## ABOUT THIS EXERCISE
Transcribe all the records exactly and omit any images they hold.

[Source records]
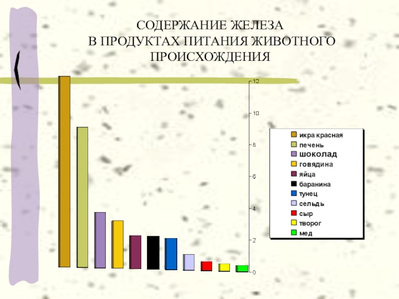 Слайд 3СОДЕРЖАНИЕ ЖЕЛЕЗА В ПРОДУКТАХ ПИТАНИЯ ЖИВОТНОГО ПРОИСХОЖДЕНИЯ
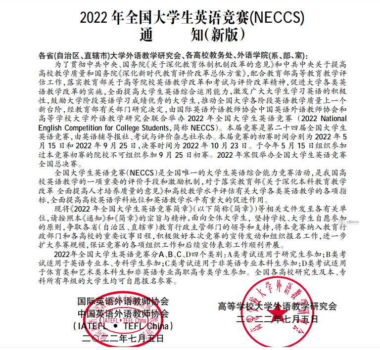 2022大学生英语竞赛通知-下半年比赛最新通知
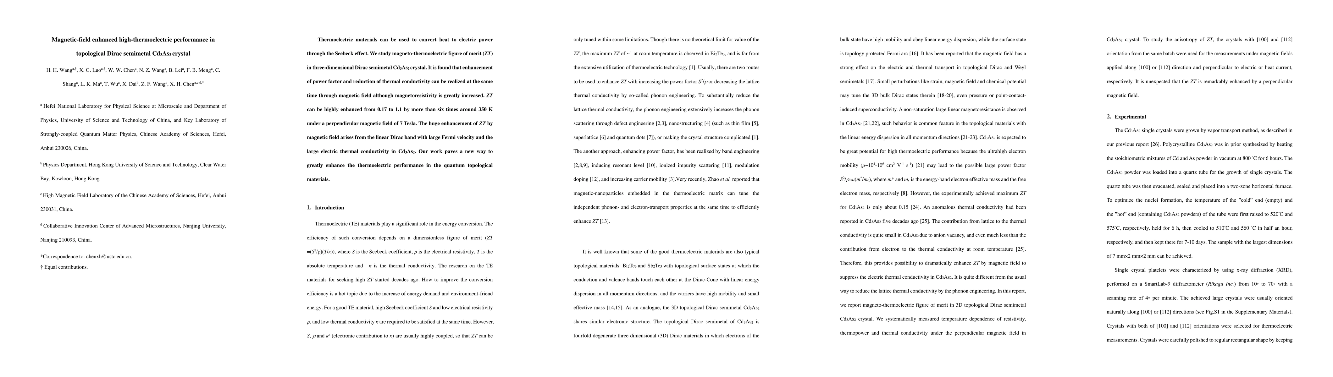 This paper investigates the thermoelectric performance in Cd$_3$As$_2$, a topological Dirac semimetal, under magnetic fields, finding a significant enhancement in the thermoelectric figure of merit (ZT) from 0.17 to 1.1 by over six times at 350 K with a 7 Tesla magnetic field. The enhancement is attributed to increased power factor and reduced thermal conductivity despite increased magnetoresistivity.
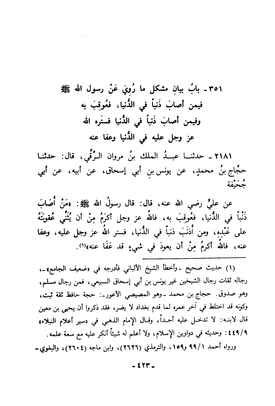 2181 - حَدَّثَنَا عَبْدُ الْمَلِكِ بْنُ مَرْوَانَ الرَّقِّيُّ قَالَ: حَدَّثَنَا حَجَّاجُ بْنُ مُحَمَّدٍ , عَنْ يُونُسَ بْنِ أَبِي إِسْحَاقَ , عَنْ أَبِيهِ , عَنْ أَبِي جُحَيْفَةَ , عَنْ عَلِيٍّ رَضِيَ اللهُ عَنْهُ قَالَ: قَالَ رَسُولُ اللهِ صَلَّى اللَّهُ عَلَيْهِ وَسَلَّمَ: " مَنْ أَصَابَ ذَنْبًا فِي الدُّنْيَا فَعُوقِبَ بِهِ , فَاللهُ عَزَّ وَجَلَّ أَكْرَمُ مِنْ أَنْ يُثَنِّيَ عُقُوبَتَهُ عَلَى عَبْدِهِ , وَمَنْ أَذْنَبَ ذَنْبًا فِي الدُّنْيَا , فَسَتَرَ اللهُ عَزَّ وَجَلَّ عَلَيْهِ وَعَفَا عَنْهُ , فَاللهُ أَكْرَمُ مِنْ أَنْ يَعُودَ فِي شَيْءٍ قَدْ عَفَا عَنْهُ "
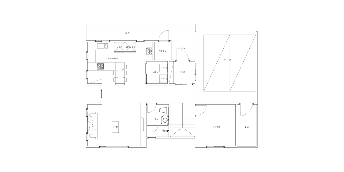 | 1층포치 / 데크 | 10.58㎡ (3.20py) / 14.40㎡ (4.36py) | 창호 | 시스템창호 |
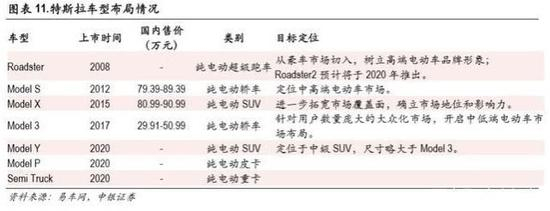 产品线逐步完善。目前特斯拉已经相继量产了 Model Roadster/S/X/3/Y,另外纯电动皮卡 Model P和纯电 动重卡 Semi Truck预计将于 2020年实现量产。产品线逐步完善,为后续销量增长奠定了良好基础。
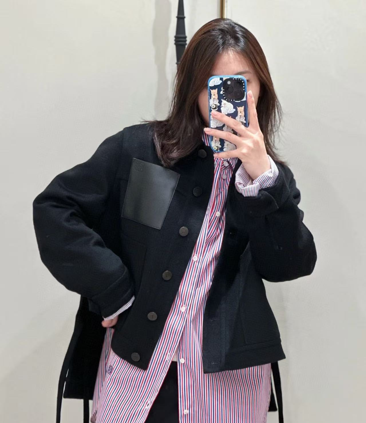 這件 LOEWE 外套超有型!經典前短後長剪裁,率性又帶點隨性感,不管是單穿或疊穿都很舒適。
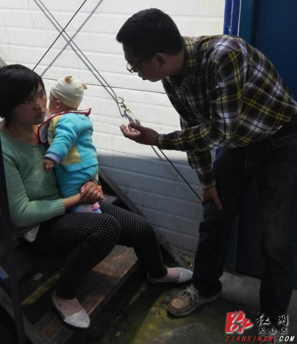 红网天心站4月1日讯(通讯员 曾灿波)3月31日上午,沙河社区劳动广场德胜工地7楼,一女子欲跳楼轻生。街道、社区、民警、消防赶到现场,经过4小时劝说,轻生女子被成功劝下。3月31日上午8点多,沙河社区曾主任接到市民电话,迅速赶到现场,看到工地未竣工的楼盘7楼的外墙边坐着一个怀抱6个月的婴儿的女人,嚎啕大哭,情绪激动,扬言见不到当事人就跳楼,楼下有大量市民围观。社区立即拨打了“110”,并上报上级部门,10分钟内街道综治办李畅主任、书院路派出所民警、区消防大队赶到现场参与救援。

## RESULT
 Слайд 3СОДЕРЖАНИЕ ЖЕЛЕЗА В ПРОДУКТАХ ПИТАНИЯ ЖИВОТНОГО ПРОИСХОЖДЕНИЯ
 2022大学生英语竞赛通知-下半年比赛最新通知
 This paper investigates the thermoelectric performance in Cd$_3$As$_2$, a topological Dirac semimetal, under magnetic fields, finding a significant enhancement in the thermoelectric figure of merit (ZT) from 0.17 to 1.1 by over six times at 350 K with a 7 Tesla magnetic field. The enhancement is attributed to increased power factor and reduced thermal conductivity despite increased magnetoresistivity.
 2181 - حَدَّثَنَا عَبْدُ الْمَلِكِ بْنُ مَرْوَانَ الرَّقِّيُّ قَالَ: حَدَّثَنَا حَجَّاجُ بْنُ مُحَمَّدٍ , عَنْ يُونُسَ بْنِ أَبِي إِسْحَاقَ , عَنْ أَبِيهِ , عَنْ أَبِي جُحَيْفَةَ , عَنْ عَلِيٍّ رَضِيَ اللهُ عَنْهُ قَالَ: قَالَ رَسُولُ اللهِ صَلَّى اللَّهُ عَلَيْهِ وَسَلَّمَ: " مَنْ أَصَابَ ذَنْبًا فِي الدُّنْيَا فَعُوقِبَ بِهِ , فَاللهُ عَزَّ وَجَلَّ أَكْرَمُ مِنْ أَنْ يُثَنِّيَ عُقُوبَتَهُ عَلَى عَبْدِهِ , وَمَنْ أَذْنَبَ ذَنْبًا فِي الدُّنْيَا , فَسَتَرَ اللهُ عَزَّ وَجَلَّ عَلَيْهِ وَعَفَا عَنْهُ , فَاللهُ أَكْرَمُ مِنْ أَنْ يَعُودَ فِي شَيْءٍ قَدْ عَفَا عَنْهُ "
 | 1층포치 / 데크 | 10.58㎡ (3.20py) / 14.40㎡ (4.36py) | 창호 | 시스템창호 |
 产品线逐步完善。目前特斯拉已经相继量产了 Model Roadster/S/X/3/Y,另外纯电动皮卡 Model P和纯电 动重卡 Semi Truck预计将于 2020年实现量产。产品线逐步完善,为后续销量增长奠定了良好基础。
 這件 LOEWE 外套超有型!經典前短後長剪裁,率性又帶點隨性感,不管是單穿或疊穿都很舒適。
 红网天心站4月1日讯(通讯员 曾灿波)3月31日上午,沙河社区劳动广场德胜工地7楼,一女子欲跳楼轻生。街道、社区、民警、消防赶到现场,经过4小时劝说,轻生女子被成功劝下。3月31日上午8点多,沙河社区曾主任接到市民电话,迅速赶到现场,看到工地未竣工的楼盘7楼的外墙边坐着一个怀抱6个月的婴儿的女人,嚎啕大哭,情绪激动,扬言见不到当事人就跳楼,楼下有大量市民围观。社区立即拨打了“110”,并上报上级部门,10分钟内街道综治办李畅主任、书院路派出所民警、区消防大队赶到现场参与救援。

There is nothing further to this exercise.